The output file can serve as input for tools that require SGE in the 10x genome format.

Parameters

1
2
3
4
5
6
7
8
9
downstream:
  mu_scale: 1000        
  segment:                 
    precision: 2
    min_pixel_per_unit: 10
    char:                
      - solofeature: gn    
        hexagonwidth: 24     
        segmentmove: 1     
  • The mu_scale Parameter Specify coordinate to um translate for hexagon.
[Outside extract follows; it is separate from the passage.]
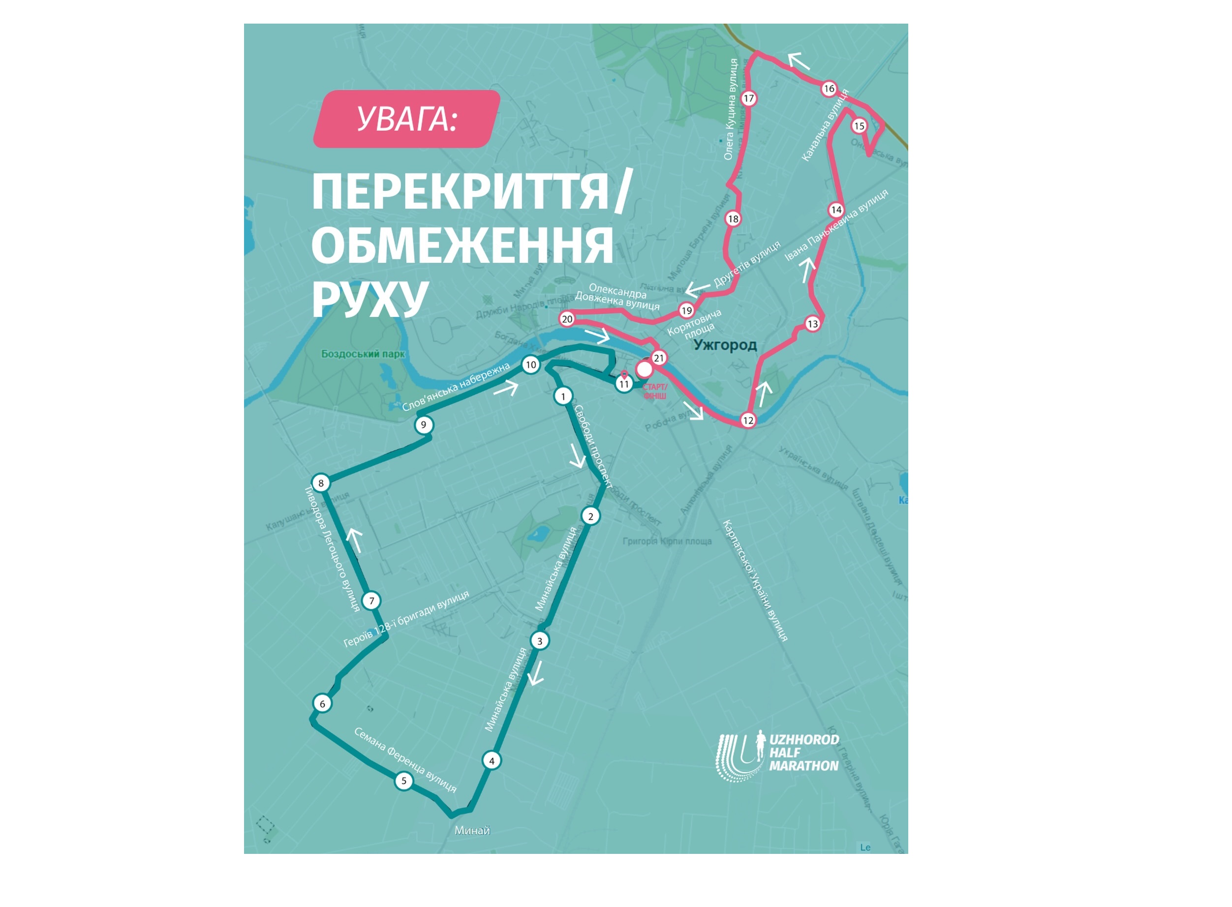 У неділю, 19 квітня, у зв’язку з проведенням в Ужгороді благодійного півмарафону «UZHHOROD HALF MARATHON» на площі Шандора Петефі, біля ЗОШ № 9, тимчасово буде перекрито рух транспорту на ділянці від перехрестя з вул. Олександра Митрака до перехрестя з вул. Івана Чендея з 06:00 до 14:00.

By default, we consider the spatial digital gene expression matrix (SGE) is in nano meter.

  • The segment Field

  • The precision Parameter Specifies the number of digits to store spatial location (in um, 0 for integer)
  • The min_pixel_per_unit Parameter A minimum UMI count of output hexagons
  • The char Parameter Specify the characteristics for the hexagons, including the genomic feature to create hexagon (solo feature), the size for a hexagonal grid (hexagonwidth), and whether the SGE is based on overlapping hexagons or non-overlapping hexagon (segmentmove). When segmentmove is 1, non-overlapping hexagon-based SGE will be created.

Dependencies

Rule sdgeAR_segment requires input from Rules sdgeAR_reformat and sdge2sdgeAR. Thus, Rule sdgeAR_segment can only execute after sdgeAR_reformat and sdge2sdgeAR and their prerequisite rules when applicable have successfully completed their operations. See an overview of the rule dependencies in the Workflow Structure.

Code Snippet

The code for this rule is provided in a08_sdgeAR_segment.smk.